**EXERCISE:** Could you copy exactly the lines below from the one with "المسألة الرابعة إذا" to the one with "第十一届未来设计师教育论坛暨", inclusive, leaving out any pictures?

**DATA:**
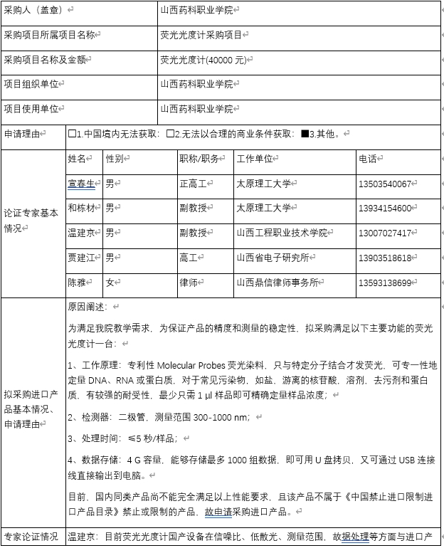 AG电子官方网站荧光光度计采购项目进口产品专家论证意见公示
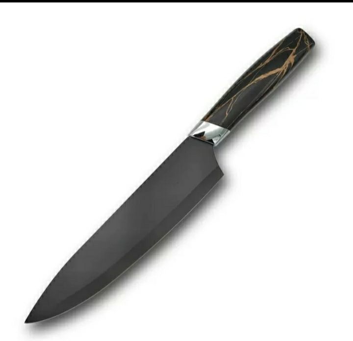 This 8- inch chef's knife is a versatile tool for cutting, chopping, dicing, mincing and moreHigh carbon stainless steel blade with a satin finish that is stain, rust and pit resistantForged stainless steel construction with a full tang, 8” blade and three rivetsSemi bolster design adds weight and balance while also ensuring full blade access when chopping or sharpeningProduct dimensions: 13.28” x 1.85” x 0.87” inches (LxWxH)Hand wash onlyQUALITY MANUFACTURING: Fabricated from high quality German stainless steel. Handle length - 4.72 inch. Product assembled in Spain. Blade sourced from GermanyVERY DURABLE: Fully forged construction offers durability and a seamless transition from blade to handlePRECISE CUTTING: Professional, satin finished blade boasts Precision cutting and is finely honed for long lasting sharpnessBALANCED BLADE: Ergonomic, traditional triple rivet handle gives balance and comfortMULTIPURPOSE KNIFE: Large sized 8-inch multipurpose chef's knife for chopping, mincing, slicing and dicing.PROTECTIVE BOLSTER: Full bolster provides weight and ensures safety
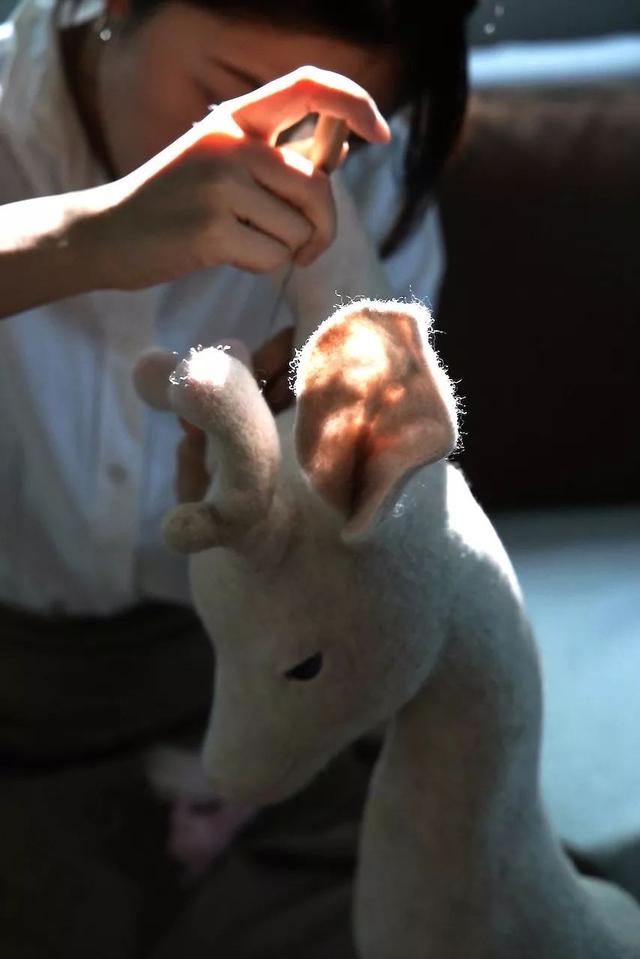 2009年時,正在思考未來的殷越偶然在網上看到了日本職人鈴木千晶(Chiaki Suzuki)的羊毛氈作品,她立刻對這種毛絨絨又帶有溫度的材質產生了興趣,當時羊毛氈還不太普及,因此她跑了好幾家店才買到材料,沒想到從此就一頭栽進了羊毛氈的世界!
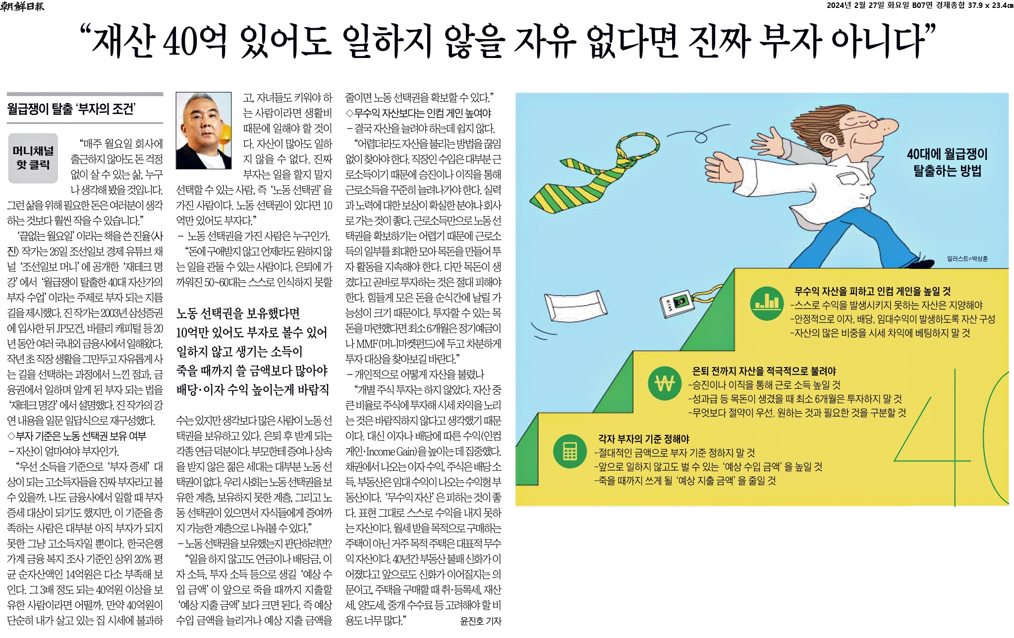 ① 진짜 부자는 일을 할지 말지 선택할 수 있는 사람, 즉 ‘노동 선택권’을 가진 사람이다. 노동 선택권이 있다면 10억만 있어도 부자다. 돈에 구애받지 않고 언제라도 원하지 않는 일을 관둘 수 있는 사람이다.
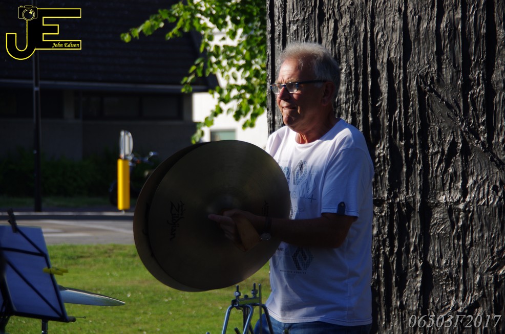 17-06-2017 Tuinstoelenconcert Volharding bij beeld van Biggo in Rhoon
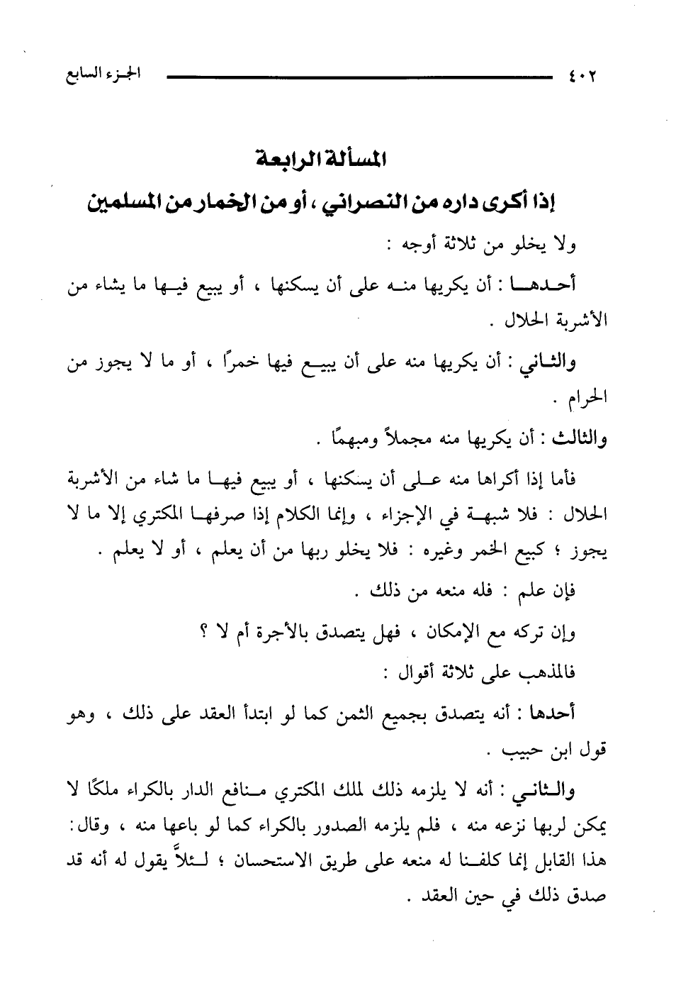 المسألة الرابعة إذا أكرى داره من النصراني، أو من الخمار من المسلمين
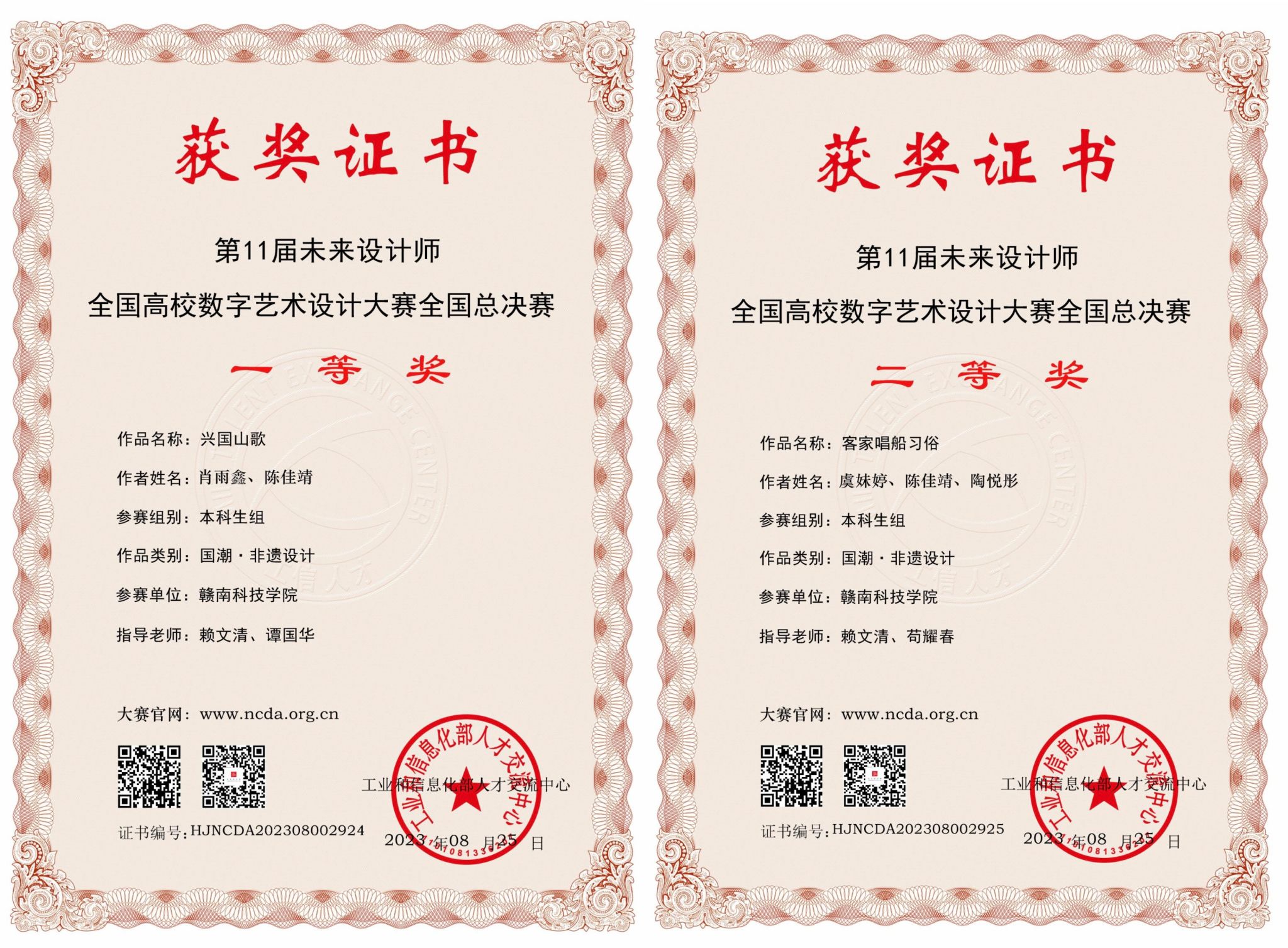 第十一届未来设计师教育论坛暨·全国高校数字艺术设计大赛(NCDA)于近日结束。人文科学系数字媒体艺术专业师生成绩斐然,选送的师生作品获得全国总决赛一等奖1项、二等奖1项、三等奖1项、省级奖项34项。赖文清、谭国华两位老师荣获国赛优秀指导教师。人文科学系作为全国总决赛一等奖获奖单位,受邀参加大赛的颁奖典礼。
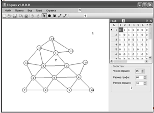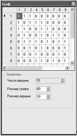 На рисунке 3 представлено окно "Граф", задачей которого ставится отображение матрицы и параметров графа. Оно позволяет добавлять и удалять вершины, а также устанавливать или удалять ребра графа. Окно является "плавающим" (Docking), что означает, что оно способно "прилипать" к краям главного окна, а также быть полностью независимым от него. Отобразить или скрыть это окно возможно при помощи функции меню Вид - > Окно свойств.
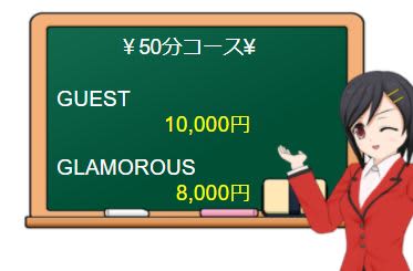 女の子には2種類ありまして、AV女優さんなどは【GUEST】クラス、一般女性は【GLAMOROUS】クラスに分かれています。最短が50分コースとなっています。
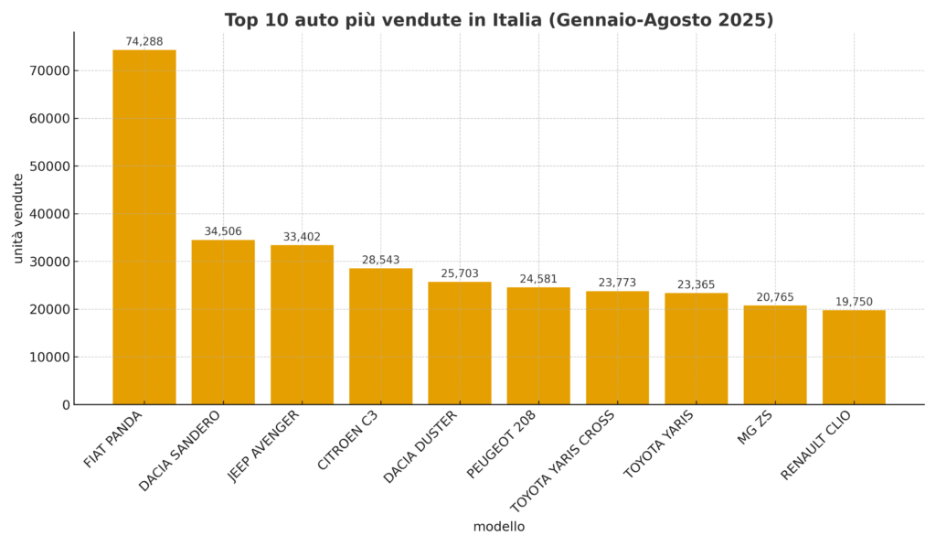 Nel periodo gennaio-agosto 2025, la Fiat Panda mantiene il primato con 74.288 unità vendute, seguita da Dacia Sandero (34.506) e Jeep Avenger (33.402).
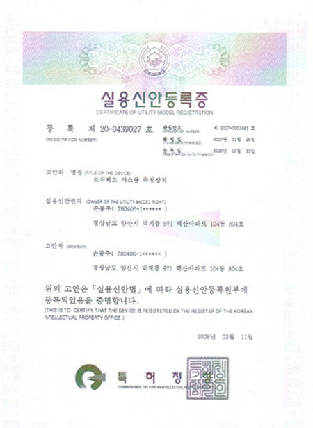Certificate of Utility Model Registration Device for measuring the amount of gas at torch head
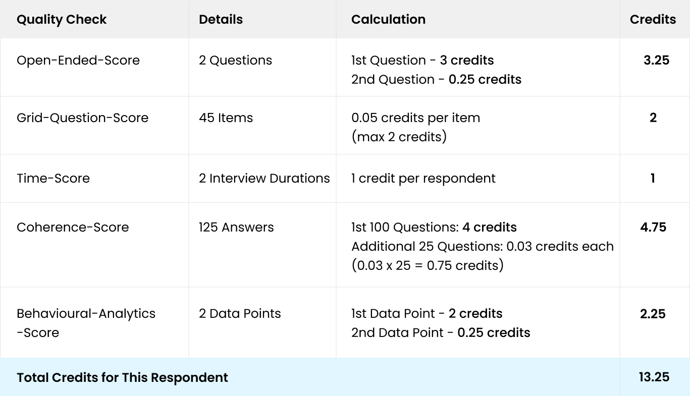 The following list provides a clear overview of how credits are calculated based on Quality Scores, with all calculations applied on a per-respondent basis:| Score Type | Base Credits | Additional Credits | Maximum Credits |
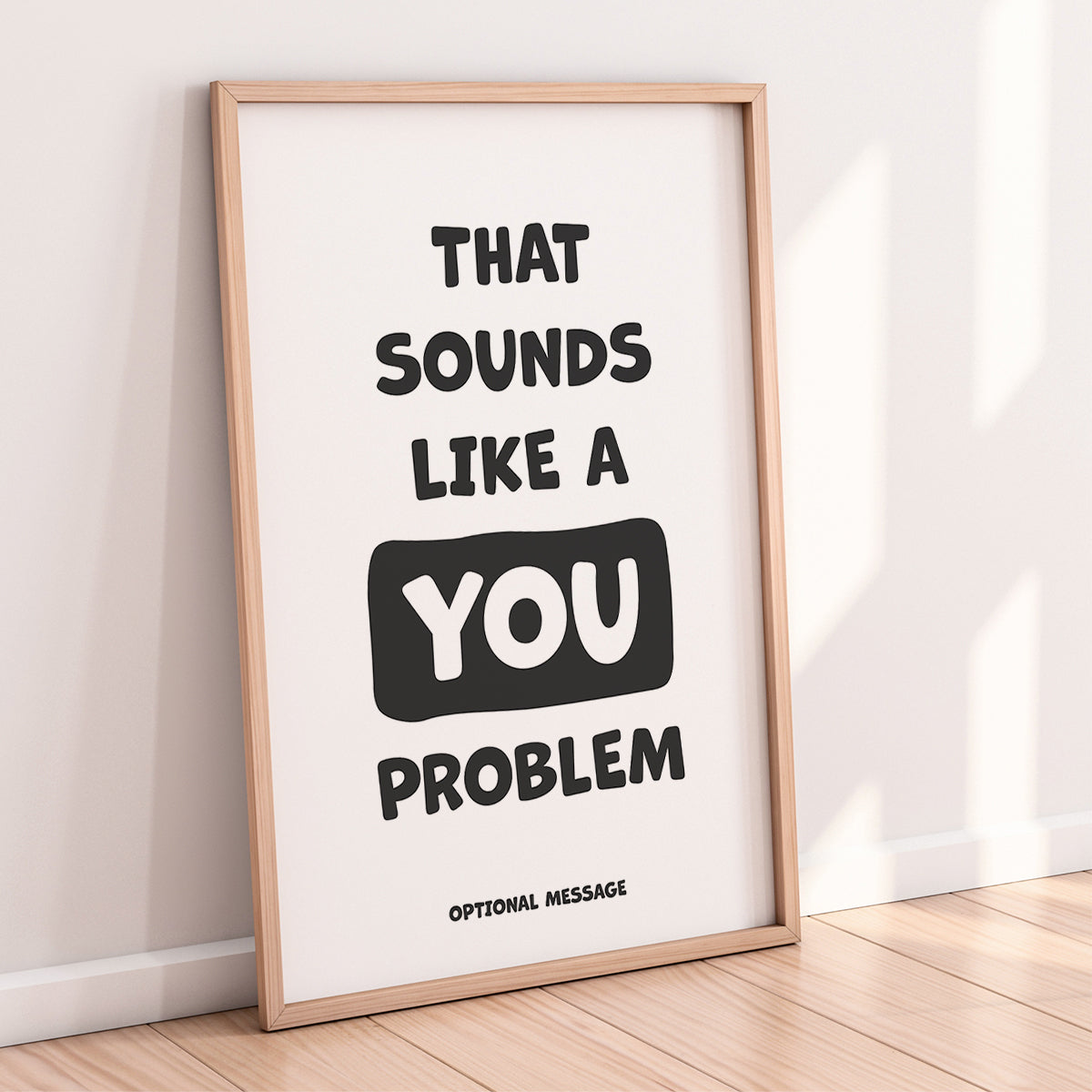 A blunt and funny wall art print that proudly declares: That sounds like a you problem.

**WORKED SOLUTION:**
 المسألة الرابعة إذا أكرى داره من النصراني، أو من الخمار من المسلمين
 第十一届未来设计师教育论坛暨·全国高校数字艺术设计大赛(NCDA)于近日结束。人文科学系数字媒体艺术专业师生成绩斐然,选送的师生作品获得全国总决赛一等奖1项、二等奖1项、三等奖1项、省级奖项34项。赖文清、谭国华两位老师荣获国赛优秀指导教师。人文科学系作为全国总决赛一等奖获奖单位,受邀参加大赛的颁奖典礼。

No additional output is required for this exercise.